Volume 173, May 2014, Pages 144-154

https://doi.org/10.1016/j.biocon.2013.07.037 Get rights and content

Highlights

•
Citizen-scientist (CS) datasets offer unique opportunities and challenges to the study of global conservation priorities.
•
Fortunately, issues of error and bias found in CS data are similar to those found in other large-scale databases.
•
As a consequence, statistical tools exist to handle many kinds of error and bias common to CS data.
•
We highlight some statistical approaches that are used in ecological contexts and are available in free software packages.

Abstract

Networks of citizen scientists (CS) have the potential to observe biodiversity and species distributions at global scales. Yet the adoption of such datasets in conservation science may be hindered by a perception that the data are of low quality. This perception likely stems from the propensity of data generated by CS to contain greater levels of variability (e.g., measurement error) or bias (e.g., spatio-temporal clustering) in comparison to data collected by scientists or instruments. Modern analytical approaches can account for many types of error and bias typical of CS datasets. It is possible to (1) describe how pseudo-replication in sampling influences the overall variability in response data using mixed-effects modeling, (2) integrate data to explicitly model the sampling process and account for bias using a hierarchical modeling framework, and (3) examine the relative influence of many different or related explanatory factors using machine learning tools. Information from these modeling approaches can be used to predict species distributions and to estimate biodiversity. Even so, achieving the full potential from CS projects requires meta-data describing the sampling process, reference data to allow for standardization, and insightful modeling suitable to the question of interest.

Introduction

Evaluating global changes in the distribution and diversity of Earth’s biota requires datasets of ambitious proportions where effort is shared over hundreds, or even thousands of individuals (Silvertown, 2009). In recent decades, volunteers, often labeled as ‘citizen scientists’ (CS), have been central to the collection of broad-scale datasets allowing the scientific community to address questions that would otherwise be logistically or financially unfeasible, even for the most dedicated scientific team (Dickinson et al., 2010; Stuart-Smith et al., in press). Consequently, volunteer networks provide an opportunity to answer conservation-related questions on the broad temporal and spatial scales that are relevant to understanding global biodiversity patterns. As proof of this concept, long-running volunteer monitoring programs have generated thousands of peer-reviewed papers (Sullivan et al., 2009) and can thus offer models for the development of similar programs in novel systems (Bonney et al., 2009).

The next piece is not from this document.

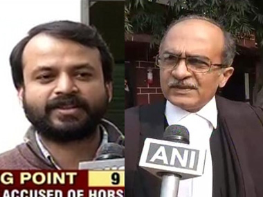 Even after rebel AAP leaders Prashant Bhushan and Yogendra Yadav were shown the door, the war of words between the two factions within the party only got dirtier. It first started with former AAP leader and senior Supreme Court advocate Prashant Bhushan accusing Ashish Khetan on Monday of planting stories in the Tehelka magazine favouring Essar.[caption id=“attachment_2205658” align=“alignleft” width=“380”]  Ashish Khetan (L) and Prashant Bhushan. Image courtesy ibnlive.com[/caption] “Ashish Khetan planted stories for Essar in Tehelka. He wrote stories in favour of 2G accused. Essar paid Tehelka Rs 3 crore for its Thinkfest,” Prashant told CNN-IBN. The senior lawyer also claimed that AAP’s Pankaj Gupta took Rs 2 crore from shell companies, which later on attracted the attention of the Income Tax department resulting in notices to the political outfit. The exposure on the Rs 2 crore was made earlier by the rebel group Aam Aadmi Volunteer Action Manch. Not one to sit quietly and lap up allegations, Khetan, a former Tehelka staffer, immediately asked if the source of funding of the burgeoning Bhushan empire was the Public Interest Litigation industry that Prashant was allegedly running. “The Bhushan family has over Rs 500 crore worth property. I want to know whether this has been earned through PILs. If this is the case, then filing PIL is a big industry,” Khetan said on Tuesday, according to a Indian Today report. Addressing a press conference today, he challenged Prashant saying that if the he remains unsuccessful in proving the allegations of paid news, the senior lawyer should quit public life. On the contrary, Khetan said that he would do the same if the allegations are proven to be true. https://twitter.com/ANI_news/status/590399459227410433 Khetan signed off but not before warning the father-son duo that he won’t spare them as they have challenged a common man like himself. However, Khetan’s counter-charge only made the battle uglier as veteran AAP leader Shanti Bhushan came out strongly in defence of his son Prashant. “Ours is the most honest family in the country, nobody can question either Prashant’s or my integrity,” AAP founding member Shanti Bhushan told ANI while defending themselves made by AAP leader Ashish Khetan. Reacting to his son Prashant being unceremoniously evicted from the Aam Aadmi Party, Shanti mocked the existing AAP leadership by asking them not to remain asleep but to expedite the process of throwing him out as well. https://twitter.com/ANI_news/status/590389176853401600 “I too attended Swaraj Samvad and delivered a speech there, where is my show cause notice? I’m waiting for one,” he said. The veteran leader did not spare AAP national convener and Delhi Chief Minister Arvind Kejriwal by saying that he should start wearing Hitler’s uniform as he has already adopted the Nazi leader’s demeanour. https://twitter.com/ANI_news/status/590388378291470336 “Arvind Kejriwal is certifying, if you believe in honesty you’ll be thrown out of the party,” Shanti, who also served as Union law minister before, told ANI.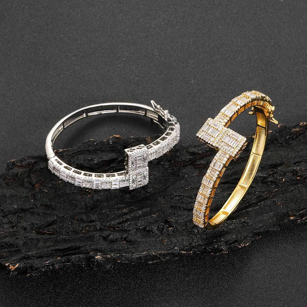 This iced-out baguette bangle defines modern luxury. Combining traditional micro-pave accents with striking baguette-cut stones, it offers a sophisticated architectural shine. Built with a sturdy copper core and high-polish finish, it is the ultimate hip-hop statement piece.

As well as providing a practical means of addressing large-scale questions in ecology, involving citizens in the collection of data has a number of benefits to conservation-related projects. By being inclusive and engaging large numbers of people, CS projects can bring important publicity and discourse on conservation issues, and provide opportunities for the public to take an active role in management and conservation (Pattengill-Semmens and Semmens, 2003). Additionally, CS projects can often afford to be more exploratory than more regimented monitoring programs, making observations of rare events possible with sightings from large networks of volunteers that span broad spatial scales. Given these advantages, the capacity for addressing global-scale conservation may well rest in the realm of citizen science (Silvertown, 2009).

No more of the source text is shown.